Le rouge
et le noir.
Pulsion de vie,
pulsion de mort.
Et là le blanc !
Au centre il y a la matière. À sa gauche, la créativité – rouge – et à sa droite la méthode – noire. La méthode alimente le système. Elle s’appuie sur de nombreux rouages – le capital, la performance, l’optimisation, le moule, qui tous ensemble nourrissent la machine. La création, au contraire, renvoie à la constellation, ou à la toile d’araignée – à l’interdépendance. Les neurones, la plasticité, la vérité sont liés au corps. Coincées dans cette opposition, toutes nos pulsions, peurs et trauma, le vide, le manque, la destruction, le chaos.

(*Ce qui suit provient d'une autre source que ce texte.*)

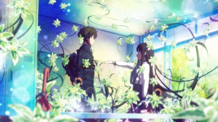 《冰菓》虽然披着“推理”的外衣,但是实际上是一部校园恋爱动画。该作在场景塑造和人物刻画上可以说是赏心悦目。原本就十分丰满的人设,再加上恰到好处的场景,给人一种重回校园生活的感觉。与此同时,千反田爱瑠和折木奉太郎之间的恋爱心理也在这些细致的刻画手法中得到了最好的展现。

Depuis ses études à l’Ecole Nationale Supérieure des Beaux-Arts de Paris, Camille Sauer joue des structures qui nous entourent, qu’elles soient politiques, économiques ou sociales, les dissèque pour en révéler les fils, les dénouer peut-être et les renouer différemment, avec son public. L’œuvre est alors codifiée – codée même – et chaque élément visuel qui s’y trouve présenté revêt une signification. Ensemble ils forment un réseau de signes, c’est à dire à la fois des indices et des symboles. Il y a la couleur, avec le rouge et le noir, la forme, avec le rond et le carré, les structures pyramidales ou organiques, la fluidité ou l’orthogonalité. Depuis une dizaine d’années, elle esquisse ces structures, les nomme et les articules sur les pages de nombreux carnets, les décline encore et encore, faisant de ces schémas signifiants la matrice de son œuvre. Pour la première fois, elle présente ces dessins, comme autant de meta-architectures, ou architectures fondamentales – c’est à dire qu’ils reflètent des systèmes et toutes leurs règles, qu’ils en révèlent les multiples rouages invisibles.
Des meta-architectures présentées aux murs, Camille Sauer a tiré des mondes numériques, plateaux de jeu vidéo dans lesquelles se déplace son avatar, ou « être réciproque » – son alter ego virtuel – sous notre contrôle. Comme une autre manière d’entrer dans le dessin, de pénétrer la matrice de notre monde et d’en explorer tous les mécanismes, à travers elle, ou plutôt avec elle. Au centre de la salle, un objet sonore demande lui aussi l’implication du public. Artiste-compositrice, Camille Sauer conçoit la musique comme une autre manière d’incarner la structure – l’objet sonore est donc lui-aussi une architecture, l’incarnation d’un système. En l’activant, on libère la parole poétique, qui est également politique. En échos à ces dispositifs exploratoires, Camille Sauer présente l’Industrie artistique, un opéra audiovisuel qui interroge le rôle de l’artiste au sein de notre société.
Dans un monde alternatif aux environnements une place pour l’artiste inspirés d’une forme d’hyper planification architecturale et industrielle, l’artiste se trouve – par l’intermédiaire de son avatar – plongée au sein d’une industrie productiviste, provoquant par ses récits la création de nouveaux imaginaires. À la fois œuvre visuelle, poétique et musicale, l’Industrie artistique se trouve au croisement de ses pratiques d’écriture, de composition et de création d’images, et reprend l’ensemble de ses recherches structurelles et politiques, souhaitant donner à voir les bouleversements intérieurs qui peuvent traverser la vie d’un artiste dans ses premières années.
En décortiquant les règles et les processus qui régissent notre quotidien, en les donnant à voir par le jeu, la poésie, la vidéo ou le dessin, Camille Sauer cherche une place pour l’artiste au sein de nos systèmes culturels, et plus généralement une portée pour la création. À travers son cheminement intérieur, cette aventure solitaire au sein d’une industrie ambiguë, elle sonde la possibilité même de la rencontre artistique, de l’interférence, et de ses effets sur notre perception du monde. C’est sans doute là que se trouve le fondement de son travail, et la raison pour laquelle sa voix porte aujourd’hui une importance toute particulière.